December 04, 2005 in Religion | Permalink | Comments (3) | TrackBack (0)
So I haven't posted in a quite a while, sue me. I've been waiting for something to ridicule, but it's almost impossible to make fun of a world where people seem to work full time making fun of themselves--albeit unintentionally.
Now the Catholic Church is going after anyone who even supports gay culture--straight people who aren't offended by gay people can't be priests. Taken to the extreme, if you and your spouse (I'm assuming no one reading this would dare have sex out of marriage) do anything but, as Shakespeare said, "make the beast with two backs," i.e. have any kind of sex except for the purpose of procreation, you're sinners, evil in the eyes of the Lord--or at least the Pope's populace and an amazing number of weird Protestant & Jews.
Mutual masturbation--oops...sorry, go directly to hell, do not pass go, do not collect $200. Use birth control--sorry, not allowed even for non-Catholics. Play some games that result in all his Mr. Wigglies wandering around outside the womb, wham, marked with the sign of Lucifer.
How can I turn that into parody? They've already done it?
And it turns out that millions of dollars people donated in hurricane relief went to the good people of Jacksonville, MI -- whose major problem was that they lost electricity for a while. Terrifying winds of up to 35 mph rampaged through that poor community. Some people got a few thousand dollars for their problems. You gotta love America. We are sooooo generous.

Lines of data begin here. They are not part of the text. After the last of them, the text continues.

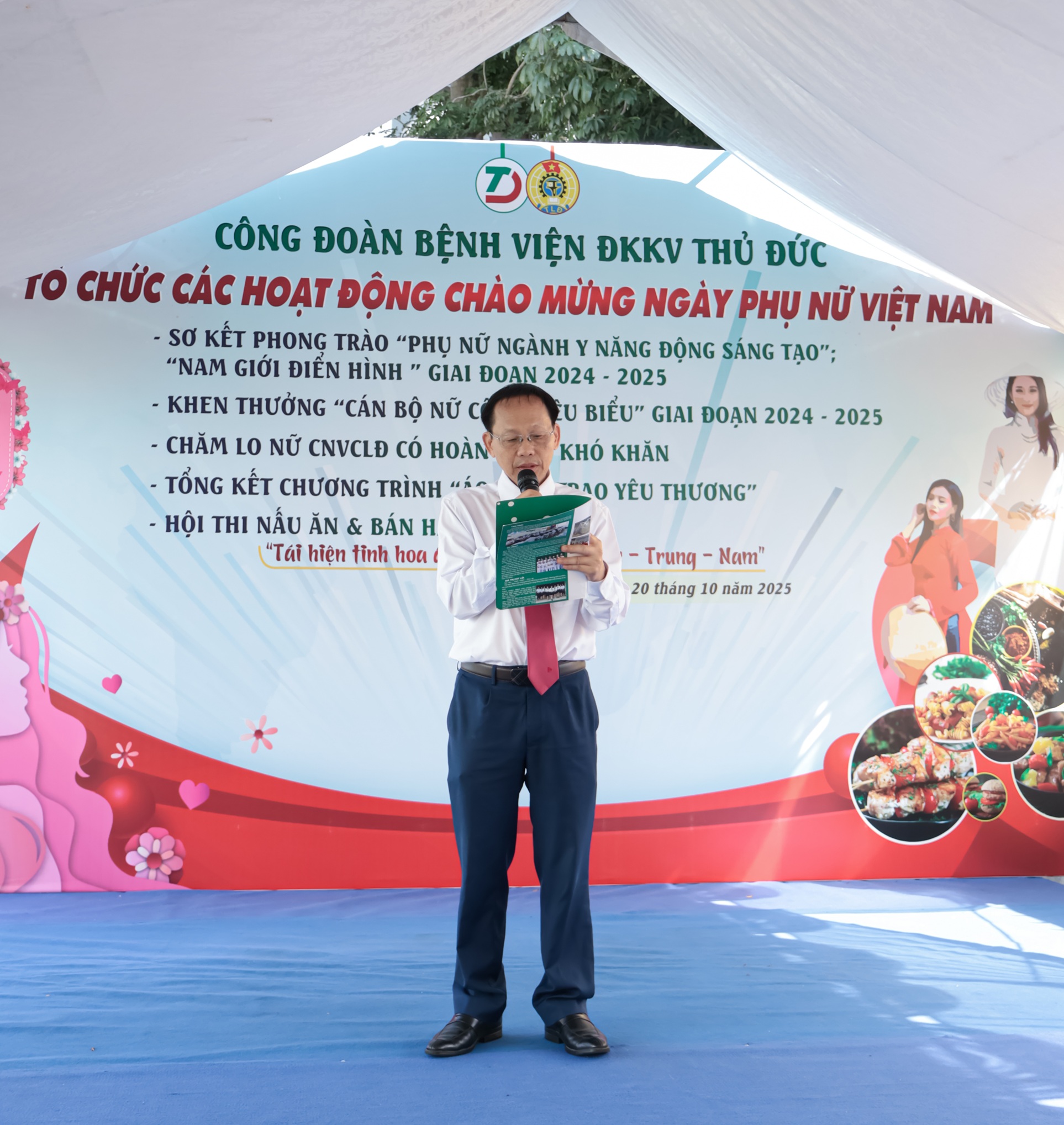 Vào ngày 20/10/2025 vừa qua, Bệnh viện Đa khoa khu vực Thủ Đức đã tổ chức thành công chương trình kỷ niệm chào mừng Ngày Phụ nữ Việt Nam. Đây là sự kiện đầy ý nghĩa, nhằm tôn vinh và tri ân những đóng góp to lớn của nữ công nhân viên chức lao động (CNVCLĐ) trong hoạt động và sự phát triển của bệnh viện.
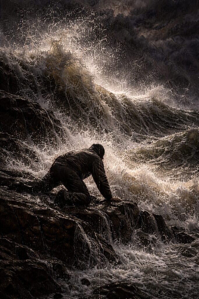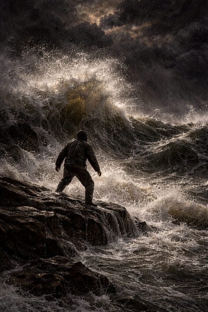 Un uomo solitario osserva il mare in tempesta da una scogliera. È piccolo rispetto alla vastità del paesaggio. Il cielo è pesante, le onde si alzano violente. Qui nasce la frattura: il momento in cui la vita cambia e l’isolamento diventa evidente. La luce è distante, filtrata tra le nuvole.
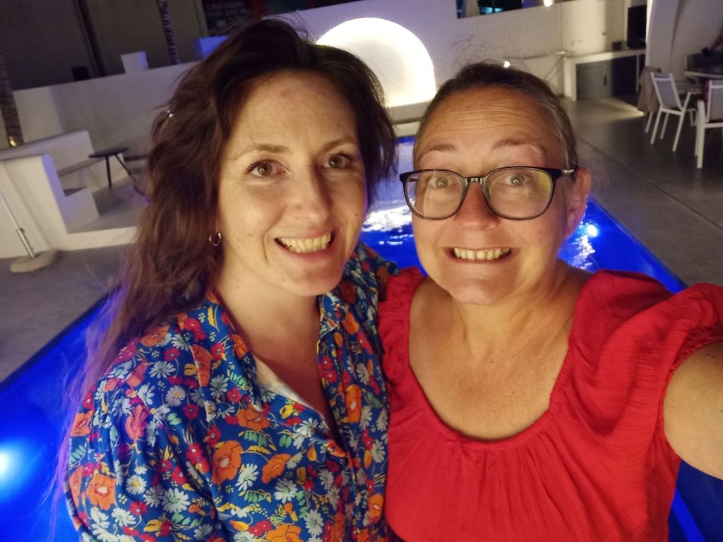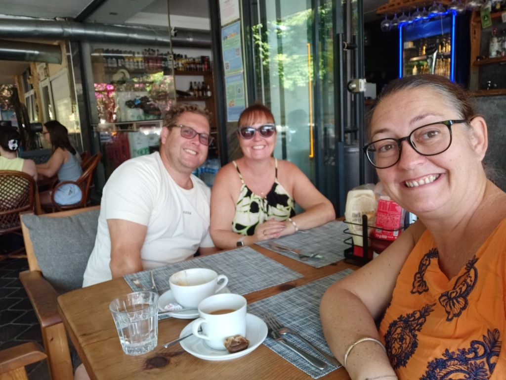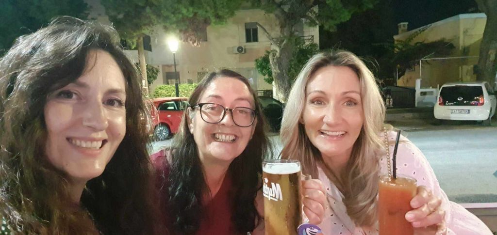 There was a bit of bad news on Wednesday 18th September and it wasn’t just that I would have put on some weight from overindulgence with my family and friends over the last week or so. I did my measurements, as usual, to find that I had put 2cm on my waist and 1cm on my hips, my bust had stayed the same. Liz and I were up and about much earlier than everyone else, she had been doing her exercises and I had already done a couple of hours work. I saw 2 big black crows on the wall of the villa and they stuck around for a while, one of them let me walk up quite close and I vaguely remembered that superstition suggests that seeing 2 crows is lucky. Apparently it means new beginnings in a relationship or career. I’d had a reply back from my boss’s wife, to say to speak to him about why I hadn’t been paid yet. It was 4 days overdue and I knew from her response that it didn’t look promising. I decided to stop work until I had spoken to my boss to find out what was going on. I had a feeling he no longer could see the need in keeping me on during the quiet winter months. I closed the laptop so that Liz and I could go for a walk, get some breakfast and a coffee for Liz. By 9.30am Liz was getting us something from The Cake Box. She had a croissant, a coffee and a detox juice while I had a sundried tomato and cheese ciabatta and a juice. It was once again lovely, although Liz didn’t reckon much to the coffee as it wasn’t a brand she preferred. We walked around and I took her to Creamland to see if the coffee was any better and, luckily, it was. It cost €5.50 (£4.58) for her Cappuccino with a Freddo Espresso in it. Our next stop was a nice walk along the beach where a lovely Dutch woman had been making a cute heart and some writing out of stones on the beach. We got talking to her and her friend then decided to have our photos taken by her over her art work – I bet she thought we were daft, but Liz and I did not care! When we got back to the villa it was gone 11am, I was hoping to get a call in with my boss, for an update on the work situation. While all the girls were busy enjoying their holiday, I got a message from him. It said ‘things were getting very quiet and he was canning our project’. He thanked me for my help, apologised for the late notice and that I had ended up working 4 days over what he had already paid me for. I already had a feeling this was going to happen so I just replied with best wishes for flood season and to let me know if there was anything I could help with in the future. It was quite a blow that, just like that, I had no further income and I would now have to wait to rely on Captain Caveman once again, until I found another job. I made a decision not to say anything to the girls, I was doing all I could to hold it together lately as it was and didn’t want to ruin their (or my) holiday. I made myself a promise to find another job within a month, though, or set up my own business. As luck would have it, only 2 days ago a friend had suggested I talk to his boss as he thought I would be a good fit for an opportunity at his place. I decided to tell the girls that I had the rest of the week off, which wasn’t exactly a lie but it wasn’t the complete truth. We only had 2 more days together and I wanted us all to have a good, and happy, time.
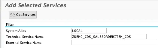 Select the service: ZDEMO_CDS_SALESORDERITEM_CDS
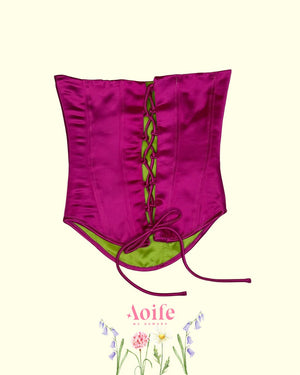 Our This Island corset bears roots in the very soil of our island home. Crafted from Acetate, a responsibly sourced wood pulp which transforms into a fabric with a silky, fluid drape. Lightweight, breathable, and biodegradable, it carries both elegance and ease, moving gently with the body while treading lightly on the earth. Bloom with grace while wearing this special creation.
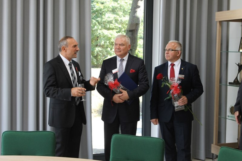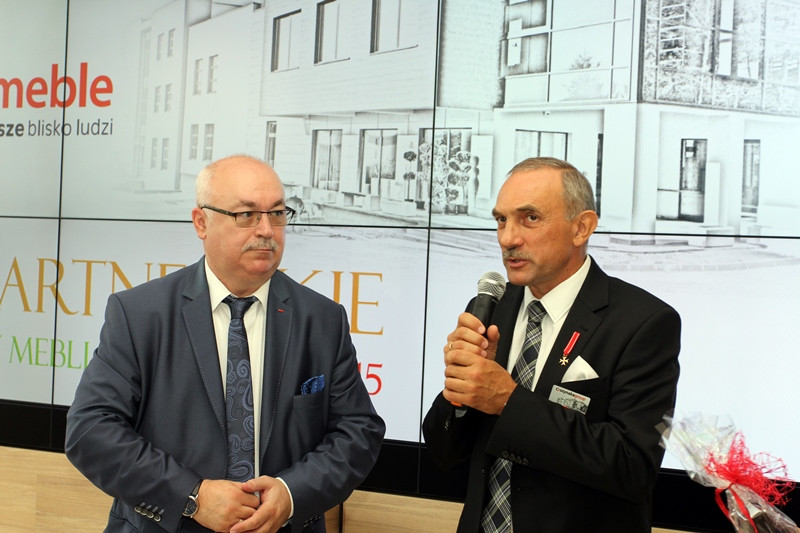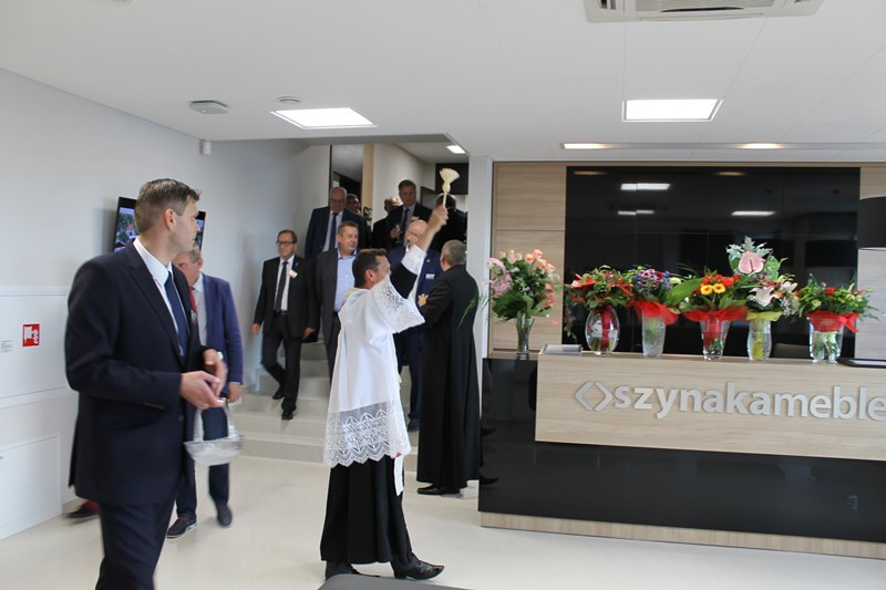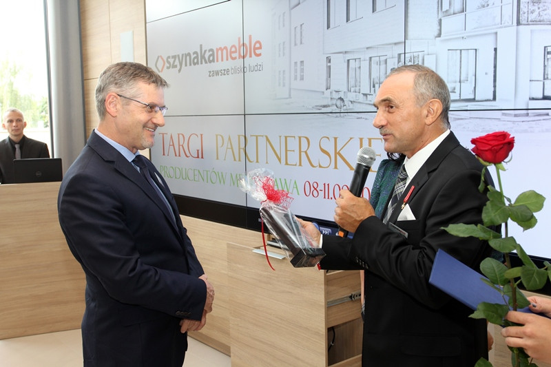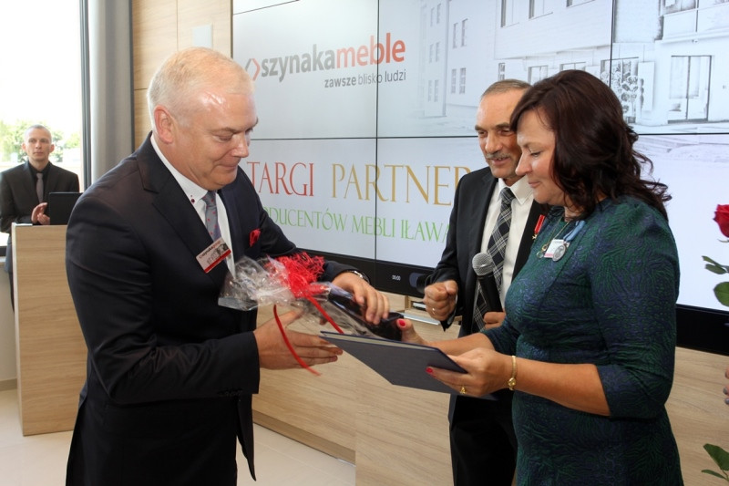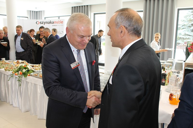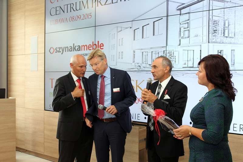 Uroczystą część spotkania rozpoczęło powitanie wszystkich gości przez Państwa Prezes Alinę i Jana Szynaka. Następnie krótkimi przemówieniami, gratulacjami i ciepłymi słowami uznania złożonymi na ręce Państwa Prezes swoją obecność zainicjowali zaproszeni goście. W dowód uznania za lata owocnej współpracy i pozytywny wpływ na rozwój branży meblowej w Polsce, Państwo Prezes Alina i Jan Szynaka wręczyli zaproszonym gościom statuetki Ambasadorzy Przemysłu Meblowego 2015. Wiceminister Finansów Pan Janusz Cichoń dokonał uroczystego wręczenia Pani Prezes Alinie Szynaka Odznaki Honorowej za Zasługi dla Rozwoju Gospodarki Rzeczypospolitej Polskiej przyznaną przez Premiera, Ministra Gospodarki Pana Janusza Piechocińskiego. Podniosły charakter spotkania nadawał występ Młodzieżowej Orkiestry Dętej z Iławy. Po uroczystych przemówieniach i wyróżnieniu zaproszonych gości nastąpiło oficjalne przecięcie wstęgi i poświęcenie budynku przez Kapelana Meblarstwa i Rzemiosła diecezji toruńskiej Księdza Proboszcza Andrzeja Kusińskiego. Następnie Gospodarze spotkania zaprosili przybyłych gości do zwiedzania Centrum Przemysłu Meblowego, którego nowoczesny design oraz praktyczne rozwiązania konstrukcyjne wzbudzały podziw i zachwyt zwiedzających. Zrealizowanie tak ważnej inwestycji, której wartość osiągnęła prawie 7 mln zł to dla Państwa Prezes Aliny i Jana Szynaka prawdziwy powód do dumy, a także satysfakcji z osiągniętego sukcesu. Wydarzenie to dowodzi, że Grupa Meblowa Szynaka realizując tak ambitne przedsięwzięcia swoim zapałem i determinacją działania może stanowić dla innych godny wzór do naśladowania, mając tym samym namacalny wpływ w integrowanie i łączenie światowej branży meblowej w jednym miejscu.

According to James Fallows in this month's Atlantic (I will post on that shortly), the Bush administration, especially Rumsfeld, Rice, Cheney and his royal nibs--are bored with Iraq. Bored! I, alas, am speechless.
Dopey Democrats are can't even figure out how to criticize the administration. Immediate pull out? Omigosh--the invasion played right into Osama Bin Laden's hands because he knew Americans didn't have the balls to do it right, stick it out (sorry, sexual metaphor there--I'm now damned for eternity), and would do a cut and run. Whatever idiocy caused us to invade in the first place, the problem is not and has not been left/right, liberal/conservative/, Republican/Democrat...it's been unbelievable, unfathomable incompetence.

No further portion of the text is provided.